# 66 GTO Trunk Light Wire Routing



## Bradysdad (Oct 15, 2016)

I have the trunk light bulb/fixture installed and when I connect the harness, it turns on/off with raising/lowering lid. When I purchased the car, the wire from the harness under the deck lid, to the light assembly in the trunk lid, was just laying in the trunk. Doe anyone have a pic or diagram of how the power wire is supposed to be routed along the LH hinge, and up/in the trunk lid, to the light assembly?

Thanks


----------



## GTOJUNIOR (Aug 7, 2011)

'66 Trunk light;


----------



## Bradysdad (Oct 15, 2016)

Thanks very much! Any idea who has the clips to secure the wire


----------



## GTOJUNIOR (Aug 7, 2011)

OPG 
https://www.opgi.com/el-camino/G241039/

But I would think any of the major Pontiac Parts Vendors offer them as well.


----------



## Goat Roper (Oct 28, 2014)

OPGI's prices are a lot higher than Ames for the same stuff and I only ordered from them if the other vendors didn't carry what I needed.
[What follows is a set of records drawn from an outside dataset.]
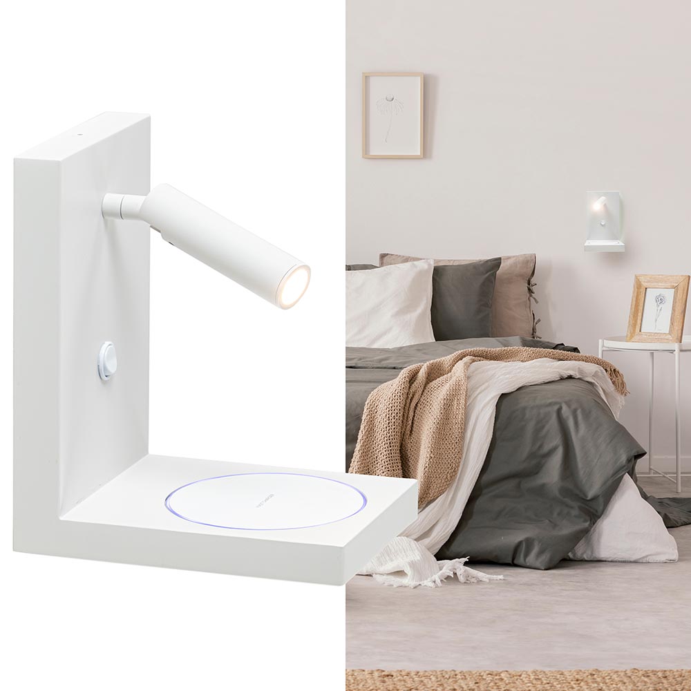 Een perfecte wandlamp voor liefhebbers van de nieuwste smartphones. De rechthoekige wandlamp is namelijk voorzien van een fast charger. Als uw smartphone dus geschikt is voor draadloos opladen dan hoeft u deze alleen maar op het plankje te leggen en de fast charger reageert automatisch, deze zal even blauw oplichten wanneer het opladen begint zodat u ziet dat er contact is. De moderne wandlamp heeft een verstelbare spot welke is voorzien van LED, ideaal wanneer u nog even wilt lezen voor het slapen. De witte wandlamp heeft geen snoer, het is dus van belang dat deze direct op een stroompunt kan worden aangesloten.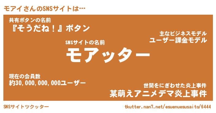 | 男性向けラノベタイトル風あだ名 | 『モアイアートオンライン』 |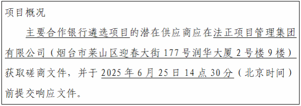 采购需求:本项目为主要合作银行遴选项目,共分为1个采购包。具体要求详见磋商文件第二部分采购内容及相关要求。

We have P.O. boxes up here and when I called to fix the addy the dolt tried to school me on delivery telling me the -XXXX wasn't my P.O. box but another postal code.
The p o database doesn't have my physical address and he insisted he couldn't ship to it my addy since it doesn't exist.
Moron, I have dealt with this for 30 years and I think I know where I live and what my P.O. box number is.
Good thing the UPS driver knows me or I would have never gotten my order.
I can't order from them because they can't fix my addy in their computer and the moron I tried to explain it to was so rude and talked down to me like I didn't know how shipping works up here.
Ames had no problem using the addy I provided and getting the thousands I spent on restore parts to me.


----------